纸张上,是用硬笔蘸着炭灰(亦或是未干透的墨?)艰难刻划出的、字迹歪歪扭扭、有些模糊却依旧能辨的刻痕:
“皇体违和,春寒未愈咳。”
“西六宫,卫氏势张,疑安胎重药损母基,孕体异变。”
“璂儿……寒侵高热不退!失语惊悸!帝竟……不允太医擅入!言……冷落静养!……苦儿唯刘嬷嬷强护!妾……万死难近!……”
“主之命,妾之所系!万望……保重残躯!待天开眼!璂儿……璂儿需要您!!!”
每一个字都力透纸背!
每一划都饱蘸着书写者的绝望、刻骨的愤恨与泣血的哀求!
尤其是“璂儿失语惊悸”、“帝不允太医擅入”那两行字,因为刻得太深太用力,墨迹(或炭痕)甚至渗透了纸背!
璂儿!!失语!惊悸!高热不退!!
不允太医擅入?冷落静养?!!!
犹如一道裹挟着无尽冰渣的北地飓风,以最残忍的方式,直接、凶狠地捅穿了淑慎仅存的、由麻木筑起的心防!
轰然贯入她的胸口!
淑慎的身体猛地一震!
如同被无形的巨杵狠狠凿中!
一股浓重的血腥气从喉咙深处直冲上来!
眼前瞬间发黑!
她下意识地抬手捂住胸口!
但就在此时——
嗡!嗡!嗡!
识海深渊,那面蛰伏多时、如同等待血肉的秃鹫般的轮回镜,骤然爆发出比以往任何时候都更加刺耳、阴险的嗡鸣!!!
镜面之上那狰狞如蛛网的裂纹,倏忽间幽光流转!
之前用来制造恐怖幻象的力量被它阴险地收敛、扭曲、凝聚!
转而化作无数根比头发丝更细、却比玄冰更阴寒的、带着无尽恶念的精神“冰针”!
每一根“针尖”,都精准地刺向她灵魂中最柔软、此刻却又被现实狠狠撕裂、痛彻骨髓的领域——永璂!
“失语?一个不会说话的皇子……便是废了……”
一个冰冷、充满恶意和幸灾乐祸的低语,如同毒蛇嘶嘶吐信,直钻入她剧痛的神经!
随之而来的不是永璂可爱的面容,而是一张被冰霜覆盖、如同青紫色面具般毫无生气、双唇紧闭的孩童的脸!
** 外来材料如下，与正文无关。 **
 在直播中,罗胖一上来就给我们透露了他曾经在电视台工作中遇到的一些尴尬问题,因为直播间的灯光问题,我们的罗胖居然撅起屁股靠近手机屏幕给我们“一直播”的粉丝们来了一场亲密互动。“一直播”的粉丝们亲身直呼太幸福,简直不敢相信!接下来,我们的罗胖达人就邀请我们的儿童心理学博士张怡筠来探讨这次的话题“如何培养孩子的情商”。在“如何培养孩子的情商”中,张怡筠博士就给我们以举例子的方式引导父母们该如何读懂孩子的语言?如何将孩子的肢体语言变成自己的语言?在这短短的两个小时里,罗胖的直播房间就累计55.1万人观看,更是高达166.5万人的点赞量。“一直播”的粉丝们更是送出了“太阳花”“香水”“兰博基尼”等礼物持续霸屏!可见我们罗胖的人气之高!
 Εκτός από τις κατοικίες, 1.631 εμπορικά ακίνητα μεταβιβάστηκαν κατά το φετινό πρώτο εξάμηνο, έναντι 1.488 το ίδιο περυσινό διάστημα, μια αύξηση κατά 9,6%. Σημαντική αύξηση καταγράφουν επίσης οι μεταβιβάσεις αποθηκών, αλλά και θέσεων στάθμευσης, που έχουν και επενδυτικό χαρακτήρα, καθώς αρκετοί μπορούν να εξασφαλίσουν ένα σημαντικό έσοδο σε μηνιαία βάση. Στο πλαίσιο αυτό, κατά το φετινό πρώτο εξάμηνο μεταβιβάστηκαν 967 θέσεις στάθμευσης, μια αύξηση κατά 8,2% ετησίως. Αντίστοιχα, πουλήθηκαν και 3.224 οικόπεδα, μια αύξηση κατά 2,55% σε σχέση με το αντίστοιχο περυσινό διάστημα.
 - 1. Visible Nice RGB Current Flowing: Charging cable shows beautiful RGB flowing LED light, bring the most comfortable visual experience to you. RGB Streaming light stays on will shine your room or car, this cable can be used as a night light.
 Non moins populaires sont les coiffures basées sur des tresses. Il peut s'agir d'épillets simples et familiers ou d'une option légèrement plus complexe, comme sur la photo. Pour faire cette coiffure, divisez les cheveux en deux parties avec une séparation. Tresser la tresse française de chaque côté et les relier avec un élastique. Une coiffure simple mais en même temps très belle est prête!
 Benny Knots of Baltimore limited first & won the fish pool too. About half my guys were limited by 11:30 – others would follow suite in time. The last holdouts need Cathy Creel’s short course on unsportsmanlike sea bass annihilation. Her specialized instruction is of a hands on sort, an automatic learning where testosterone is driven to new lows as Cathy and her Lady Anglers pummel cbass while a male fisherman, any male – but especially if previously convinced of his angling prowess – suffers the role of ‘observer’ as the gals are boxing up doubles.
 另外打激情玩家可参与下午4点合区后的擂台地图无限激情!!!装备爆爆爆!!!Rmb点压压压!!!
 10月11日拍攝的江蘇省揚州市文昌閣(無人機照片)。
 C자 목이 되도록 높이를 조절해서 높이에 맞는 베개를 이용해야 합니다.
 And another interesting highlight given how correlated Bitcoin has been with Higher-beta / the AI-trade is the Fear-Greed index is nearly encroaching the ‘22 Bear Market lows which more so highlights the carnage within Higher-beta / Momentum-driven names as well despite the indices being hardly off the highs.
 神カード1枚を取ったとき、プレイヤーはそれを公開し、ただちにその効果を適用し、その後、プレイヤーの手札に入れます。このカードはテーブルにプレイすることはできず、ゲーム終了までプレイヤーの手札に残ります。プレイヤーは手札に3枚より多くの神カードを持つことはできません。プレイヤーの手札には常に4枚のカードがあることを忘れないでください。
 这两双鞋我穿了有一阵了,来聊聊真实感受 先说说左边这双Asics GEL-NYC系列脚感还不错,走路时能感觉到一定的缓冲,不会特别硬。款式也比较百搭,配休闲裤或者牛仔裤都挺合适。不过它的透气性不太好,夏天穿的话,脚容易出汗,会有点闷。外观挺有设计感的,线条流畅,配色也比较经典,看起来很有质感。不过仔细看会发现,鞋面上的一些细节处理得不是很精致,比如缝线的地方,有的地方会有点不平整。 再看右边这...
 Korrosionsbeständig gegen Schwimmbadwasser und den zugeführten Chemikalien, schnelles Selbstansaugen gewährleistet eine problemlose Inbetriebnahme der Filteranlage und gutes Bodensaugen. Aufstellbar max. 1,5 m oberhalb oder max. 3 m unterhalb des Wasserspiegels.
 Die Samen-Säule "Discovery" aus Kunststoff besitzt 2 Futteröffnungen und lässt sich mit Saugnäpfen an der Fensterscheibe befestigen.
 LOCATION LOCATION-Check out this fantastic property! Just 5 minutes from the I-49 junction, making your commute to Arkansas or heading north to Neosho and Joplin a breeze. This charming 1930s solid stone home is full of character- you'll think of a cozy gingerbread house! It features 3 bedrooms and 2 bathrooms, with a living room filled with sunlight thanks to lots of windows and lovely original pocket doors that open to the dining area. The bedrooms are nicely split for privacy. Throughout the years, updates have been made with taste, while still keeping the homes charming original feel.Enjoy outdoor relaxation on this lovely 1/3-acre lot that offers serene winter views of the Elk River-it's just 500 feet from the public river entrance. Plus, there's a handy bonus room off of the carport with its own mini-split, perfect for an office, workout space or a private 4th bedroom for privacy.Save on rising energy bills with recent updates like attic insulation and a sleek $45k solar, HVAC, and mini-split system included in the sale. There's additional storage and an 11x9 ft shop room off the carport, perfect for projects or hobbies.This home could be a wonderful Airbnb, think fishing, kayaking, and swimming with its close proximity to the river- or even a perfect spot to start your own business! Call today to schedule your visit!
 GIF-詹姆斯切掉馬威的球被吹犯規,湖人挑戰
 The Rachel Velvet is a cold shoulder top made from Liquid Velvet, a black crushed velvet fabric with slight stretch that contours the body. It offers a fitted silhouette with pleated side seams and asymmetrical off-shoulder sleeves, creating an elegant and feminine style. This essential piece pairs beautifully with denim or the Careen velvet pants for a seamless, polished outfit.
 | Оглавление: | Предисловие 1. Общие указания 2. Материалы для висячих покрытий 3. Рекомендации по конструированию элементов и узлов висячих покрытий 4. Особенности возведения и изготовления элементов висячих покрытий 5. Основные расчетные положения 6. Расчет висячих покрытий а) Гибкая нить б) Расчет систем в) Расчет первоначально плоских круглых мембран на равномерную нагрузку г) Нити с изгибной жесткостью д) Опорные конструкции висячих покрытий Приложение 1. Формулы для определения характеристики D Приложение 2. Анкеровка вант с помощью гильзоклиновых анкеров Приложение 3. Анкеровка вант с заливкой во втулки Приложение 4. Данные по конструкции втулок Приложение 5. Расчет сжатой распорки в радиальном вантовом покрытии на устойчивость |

周围是扭曲模糊的、无数宫廷下人指指点点的鄙夷影子,无声地嘲讽着“哑巴皇子”!
紧接着,弘历那张冰冷、充满刻薄与嫌恶的脸庞骤然在虚空中放大!
嘴唇开合,无声地吐出冰冷刺骨的判词:
“废物……果然是废物……早该……”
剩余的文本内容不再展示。